Metadata file is not present in the given path; proceeding to read the csv file.


In [4]:
# Set the metadata
em.set_key(A, 'ID')
em.set_key(B, 'ID')

True

In [5]:
print('Number of tuples in A: ' + str(len(A)))
print('Number of tuples in B: ' + str(len(B)))
print('Number of tuples in A X B (i.e the cartesian product): ' + str(len(A)*len(B)))

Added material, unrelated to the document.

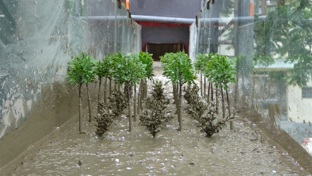 来站期间,两人先通过野外调查与分析,研究植被实地拦砂的效益和机理,并确定典型植被地表形态特征参数,为植物模型的制作提供依据。在野外调查的基础上开展了水槽模拟试验,根据研究目标和以往水槽实验的经验,通过改变以乔木和灌木为主的植被过滤带布置参数(如植物的株距、行距),分析布置参数的变化对乔灌混交植被过滤带拦砂效益(拦砂率、泥石流重度调节、粒径调节、淤积特征、流速调节、流量调节、泥石流到达时间调节)的影响,确定使植被过滤带拦砂效益最优的布置参数。在此期间,还与台站工作人员和其他科研学者展开了交流学习,观摩和学习了陈晓清研究员和周公旦研究员团队研究生开展的山洪泥石流冲击实验和冰湖涌浪实验。在东川泥石流观测站的学习工作中,两人对生物工程治理泥石流有了新的认识,同时为后续研究生态-岩土工程治理泥石流提供了可靠的实践和理论基础。

Number of tuples in A: 3387
Number of tuples in B: 3001
Number of tuples in A X B (i.e the cartesian product): 10164387


In [6]:
A.head(2)

Unnamed: 0,ID,Name,Author,Publisher,Publishing_Date,Format,Pages,Rating
0,0,Age of Myth: Book One of The Legends of the First Empire,Michael J. Sullivan,Del Rey,1/31/17,Paperback,464.0,4.5
1,1,Rise of the Dragons (Kings and Sorcerers--Book 1),Morgan Rice,Morgan Rice,8/4/17,Hardcover,217.0,4.1


In [7]:
B.head(2)

Unnamed: 0,ID,Name,Author,Publisher,Publishing_Date,Format,Pages,Rating
0,0,Brides of Fantasy,Vanilla Orchid Books,,,Kindle Edition,,0.0
1,1,The Italian Secretary: A Further Adventure Of Sherlock Holmes,Caleb Carr,Sphere,11/27/15,Paperback,288.0,3.19


In [8]:
# Display the keys of the input tables
em.get_key(A), em.get_key(B)

('ID', 'ID')

Here we will proceed without downsampling the datasets and use the entire dataset. 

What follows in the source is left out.